David Piotrowski: Thank you for having me.
Lee Ann Shay: Today we're going to be discussing airplane structural health monitoring projects that Delta is doing. To start off with, I understand that Delta installed Structural Monitoring Systems sensors on a Boeing 737-800 in January. Can you tell me about that project and what was involved?
David Piotrowski: Yes. We installed sensors on the WiFi antenna area. There are structural inspections that kick in after a certain amount of time after you install the antenna, and those require intensive maintenance access to get to--removing air conditioning ducks and so forth. The installation prototype was necessary for the approval. The approval process is done via supplemental type certificate, and we are having the supplemental type certificate holder amend the instructions for continued airworthiness to allow this.
Lee Ann Shay: That sounds good. Why is Delta doing this? What do you hope to gain?
David Piotrowski: It comes down to cost savings and intensive maintenance access. So, those inspections that require you to take a plane out of service and do hundreds of hours of open up an aircraft to do a 10-minute inspection. Those types of things become really cost saving measures for the airlines. Not only can you keep the airplane in service, but you are going to have more revenue by more flying, and it actually helps with hangar planning and managing your resources overall as a carrier. This is one stepping stone into further applications. We have a variety of applications in with both Boeing and Airbus, to basically do the same thing for a specific task, use structural health monitoring as an alternate inspection, and with that is going to be a huge savings for our operation.
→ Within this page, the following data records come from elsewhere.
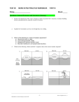 15. The structures shown in the diagram most likely formed at a boundary where the plates were a) moving upwards c) coming d) sliding past each other.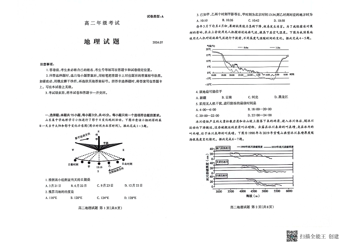 山东省泰安市高2025届下学期7月期末考试地理
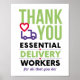 Obrigado Trabalhadores Essenciais por tudo o que você assina ou Poster. Os trabalhadores de entrega mantiveram as embalagens em movimento, as parcelas em jogo e a comida entregue. É assim que dizemos que o obrigado por tudo o que você faz!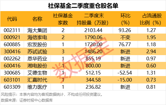 从持股比例看,社保基金持有比例最多的是苏试试验,持股量占流通股比例为2.94%;其次是海信家电,社保基金持股比例为1.95%;持股比例居前的还有艾德生物、海大集团、宏发股份等。持股数量方面,社保基金持股量最多的是海大集团,共持有2103.44万股。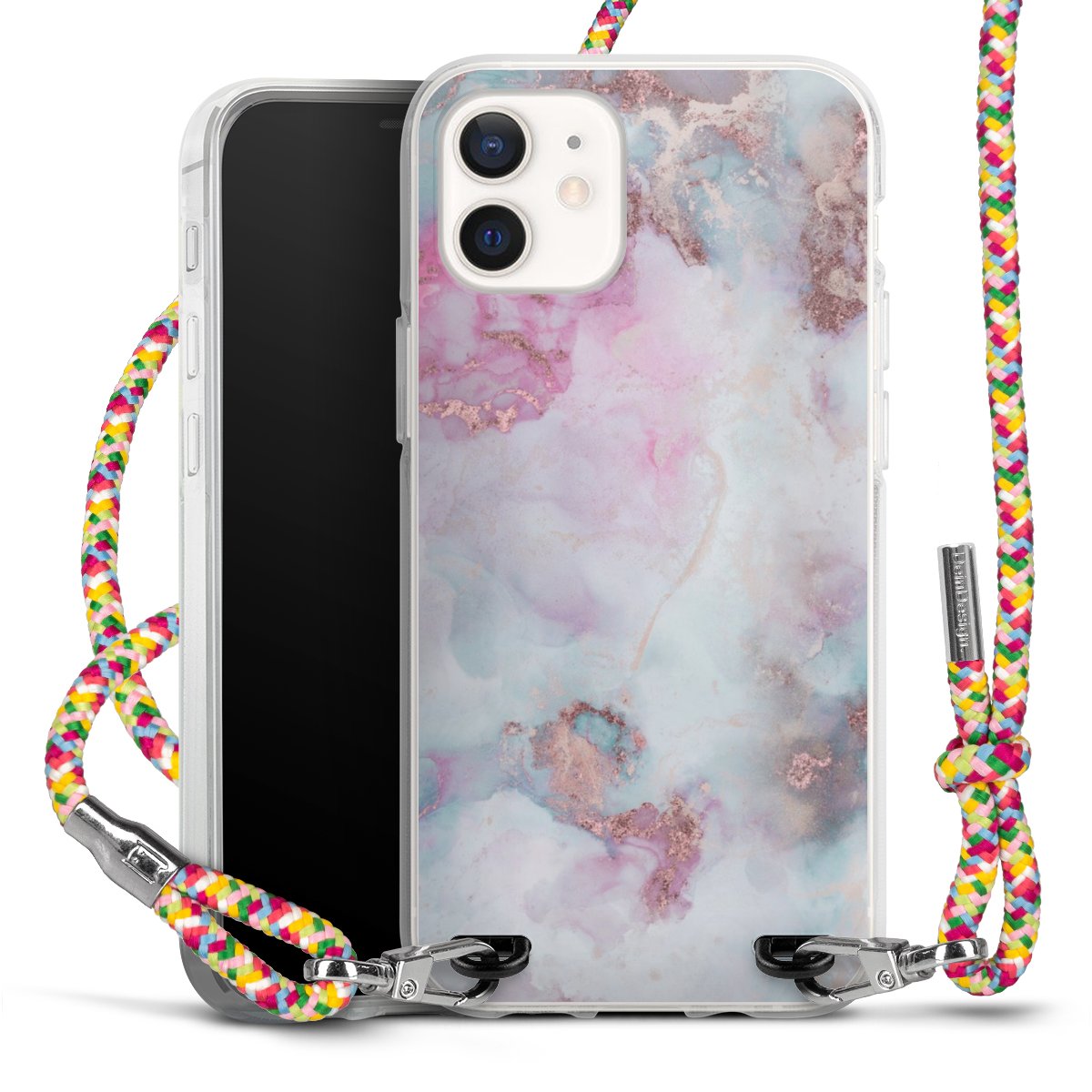 The flexible case is made from a highquality TPU material (thermoplastic Polyurethan). Thanks to its longlasting and break resistant characterisitcs, the case is flexible yet consistent in form and has a great grip and feel. The textile strap made from Polyester gives a chic yet casual accent allowing you to carry your phone like a bag or necklace - a practical gadget perfect for your next adventure. The textile strap is about 1.70 meters long and the length can easily be adjusted through the knots. Our Carry Case is available in Colourful, Mint-Camouflage, Very-Berry, Sahara-Sand and Sparkling-Neon. The ends of the textile strap are covered with metallic end caps to protect them against fraying.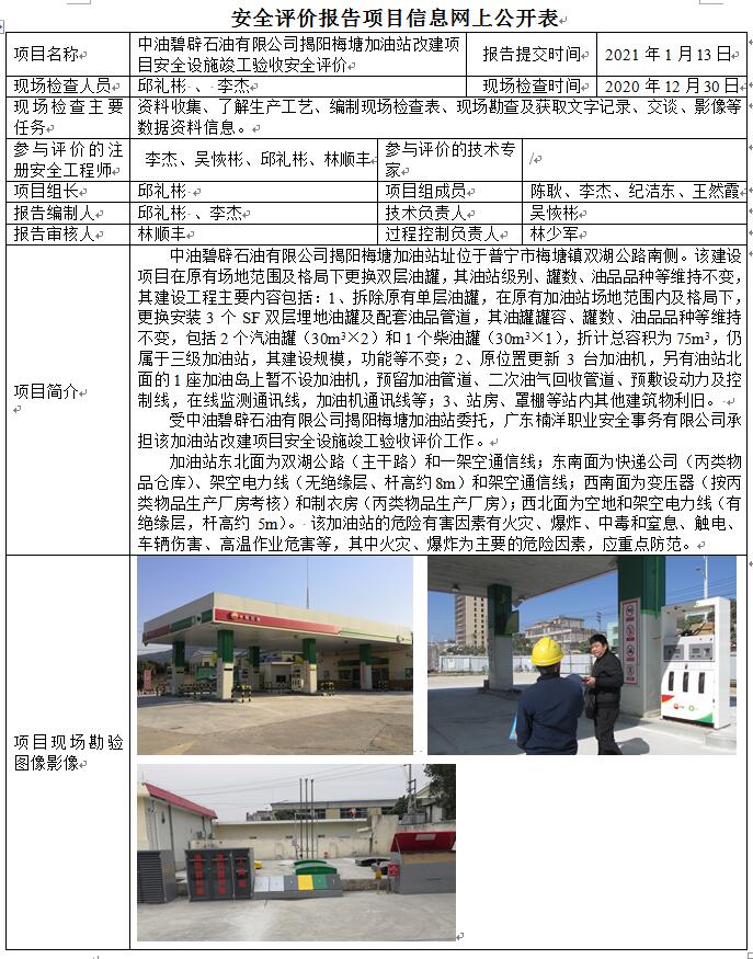 中油碧辟石油有限公司揭阳梅塘加油站改建项目安全设施竣工验收安全评价

Lee Ann Shay: Okay, so this is not just about one application for one, the 737-800 fleet. So this is really more than a prototype for one project--it's a bigger exercise.
David Piotrowski: We literally have dozens of applications across all fleet types. This literally is a stepping stone to wider applications and accelerating the implementation of more efficient maintenance practices.
Lee Ann Shay: That all sounds really good. So two follow up questions. What's the timing for the 737-800 and can you talk about some of those other applications?
David Piotrowski: Sure. The 737 application on the WiFi antenna is currently in the approval process at the FAA and we anticipate that being issued in the first half of this year. There are other applications, the 737 aft pressure bulkhead is probably the most likely and we have actually installed sensors on 20 different aircraft and have worked with Boeing on applying for an AMOC (alternative method of compliance to do those inspections. Literally the aft galley is in the way of the inspections. And so when you need to do that inspection, it's a significant burden, it takes three to five days of maintenance and being out of service. Using the structural health monitoring option, we can route the monitoring lines to a convenient location and literally can do it in probably 30 minutes to an hour.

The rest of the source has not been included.